Today's Flowers: Call it Love
In Litchfield Friday afternoon, I came across a rosebush that bore this blossom and three others bobbing in the cold wind on a hilltop. This time of year, roses outside remind me of my grandmother, who died on October 29 twenty-eight years ago--17 years to the day my daughter was born. On the day we said good-bye to her, a red rose bloomed outside her door. I remember my dad cutting the flower and placing it across her urn. And I remember standing there and wondering how so much beauty, love, and vitality could be gone from the earth. That was a painful time.
Before she passed, I wrote her a letter telling her how much I loved her. I had begun the letter as an essay. I was a sophomore in high school and had the incredible good fortune of an English teacher who cared about writing and cared about turning students into writers. "If you can write, you can do anything," Mr.

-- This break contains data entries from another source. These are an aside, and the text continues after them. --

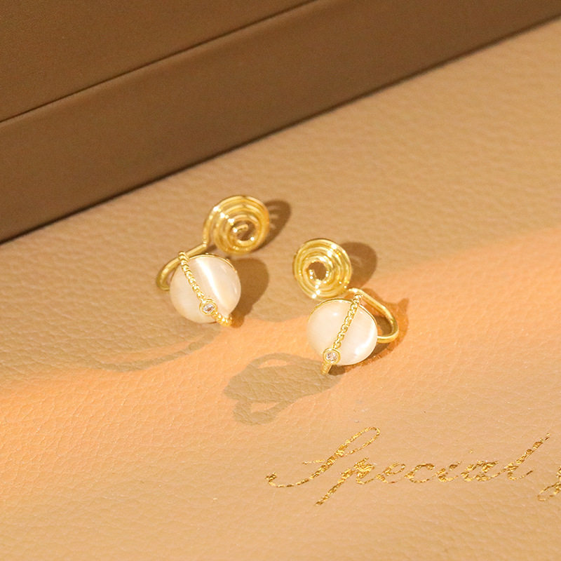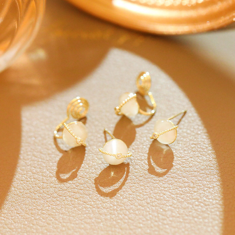 Ottles Discount Store Withdrawal Cupboard Clearance Clear Cabin Pick Up 18K Gold Cat Eye Stone Earrings Outletts Female Accessories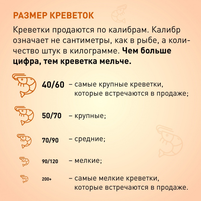 Цифры на упаковке — это калибр креветки, то количество штук в килограмме. Это значит, чем больше калибр, тем креветка меньше.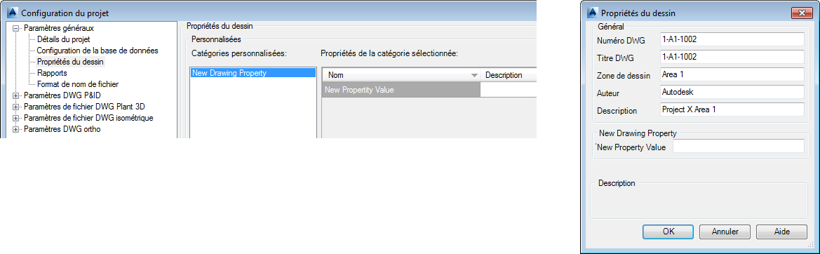 Lors de la configuration d'un projet, des propriétés peuvent être ajoutées dans la configuration du projet affichée pour chaque dessin.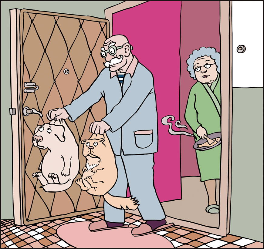 Дед, отложив в сторону книжку и очки, хватал одной рукой Золотого, другой – Казю и вышвыривал их на лестничную клетку. Нет ничего хуже для честной собаки, чем потерять дом и стаю (то есть семью)!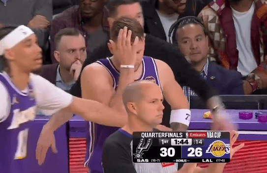 NBA杯四分之一決賽,湖人對陣馬刺的身被隨后比賽正在進行中。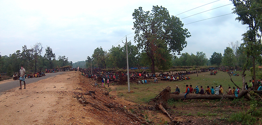 Village youth gathered to protest against wide roads and security camp in Pusnar, Bijapur district (2021)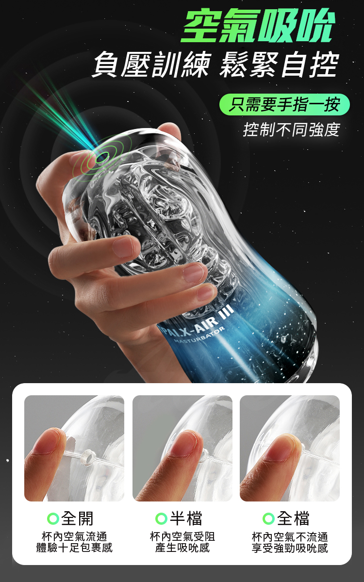 操作方式:三段式氣孔設計,隨心調節吸吮力度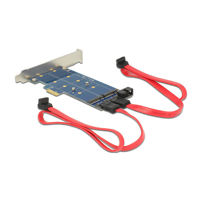 "DeLOCK 89374. Host interface: PCIe, Output interface: SATA, USB 3.2 Gen 1 (3.1 Gen 1). Data transfer rate (max): 6 Gbit/s. Cables included: SATA, USB"\n"The PCI Express card by Delock expands your PC by two M.2 NGFF slots. You can connect up to two M.2 NGFF modules in format 22110, 2280, 2260, 2242 and 2230. Whether you connect a module based on SATA or based on USB you have to connect the SATA connector or the USB connector with your mainboard."
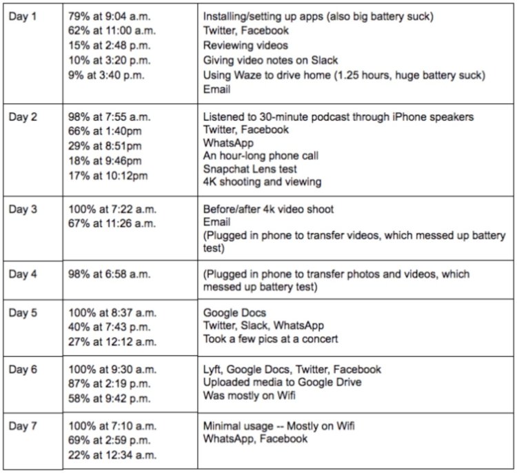 Ecco la tabella completa che mostra i risultati dei test effettuati sulla batteria di iPhone X: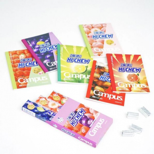 Campus的本子结合嗨啾的最新包装,以水蜜桃、草莓、西柚、葡萄、青柠、可乐等元素,给予了消费者们最佳视觉冲击。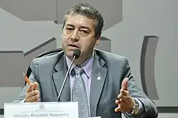 Ronaldo Nogueira de Oliveira (born 25 April 1966 in Carazinho) is a Brazilian administrator, pastor of Assembly of God Church and politician, affiliated to the Brazilian Labor Party. Currently, is discharged federal deputy and minister of Labour and Social Security of Brazil since 12 May 2016, appointed by president Michel Temer.[1]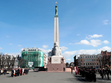 LatviaRuvdnaprinsabárra ja Presideantabárra bidjet liđiid Latvia Friddjavuođamonumeantta lusa. Govva: Lise Åserud / NTB Scanpix -
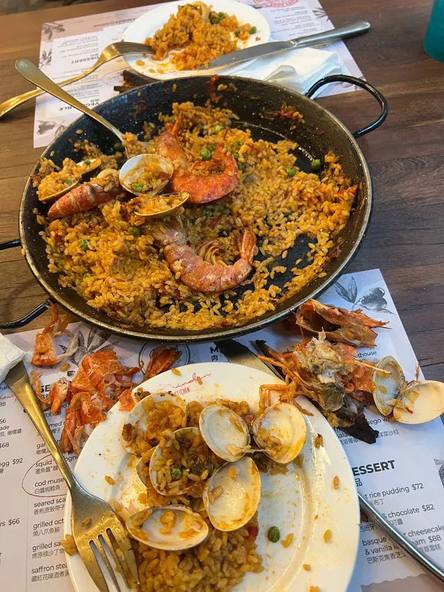 見佢無咩人,太肚餓walk in 即興入去,見隔離檯個西班牙炒飯幾大碟,又肚餓就叫左個西班牙炒飯同lunch set 豬肋骨個豬肋骨大概20分鐘內上菜,比預期中細份,得4條豬肋骨,加多堆無味薯蓉!係無味,鹽都無落?然後就再起碼等左超過45分鐘,先上個西班牙炒飯,都唔緊要,我以為我咁肚餓食咩都會好食,我可以話呢個係我一世人食過最難食嘅炒飯,都係完全無味!無落鹽!之後要佢比鹽我地落先叫正常少少,但試埋啲蝦同蜆,無錯,蝦份量係唔少5-6隻,但全部都霉!蜆都係無味!總之就係無味嘅海鮮炒海鮮炒飯?仲要收人$300
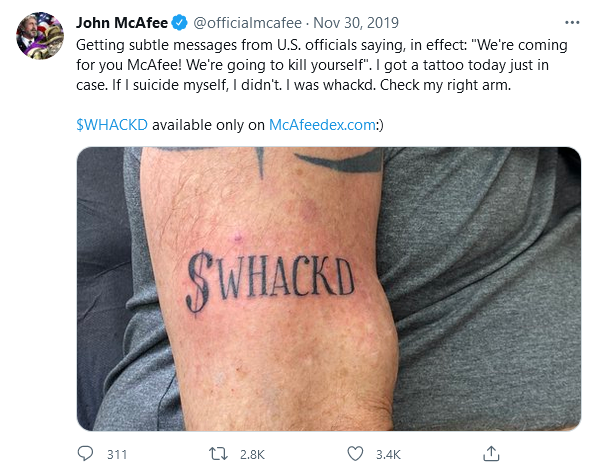 Upam, da McAfee ni umrl zato, ker se je odloču izpolnit obljubo in je pojest svojga pipija. R.I.P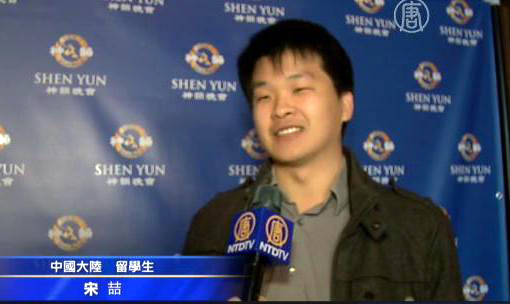 来自于中国大陆的华人留学生宋喆观看了一月五日下午场的神韵演出后深感触动,演出结束后,久久在剧院内徘徊不愿离去。他表示,演出给他带来了深深的震撼。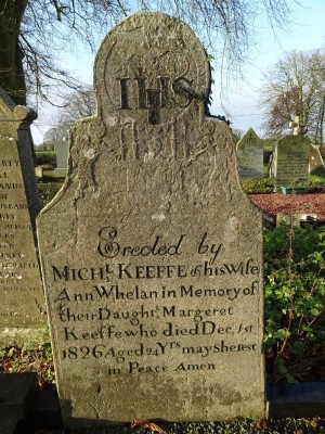 IHS Erected by MICH,L KEEFFE & his Wife Ann Whelan in Memory of their Daughr, Margaret Keeffe who died Dec,r 1st 1826 Aged 24 Yrs may She rest in Peace Amen.

Charles Phelps told us. And he did. He was the first English teacher who ever taught me anything, and he was a stern and tireless taskmaster--one who brought me to a place where I could say what I felt to my grandmother. I turned that essay into a letter. My Gram told me it was the nicest letter she ever received. In that moment I felt how good it was to love and be loved, and I felt the agony of letting go of that love. It is hard to learn to live it in different ways.
I saw this rose on Friday and thought of my grandmother, Mr. Phelps, and the power of prose.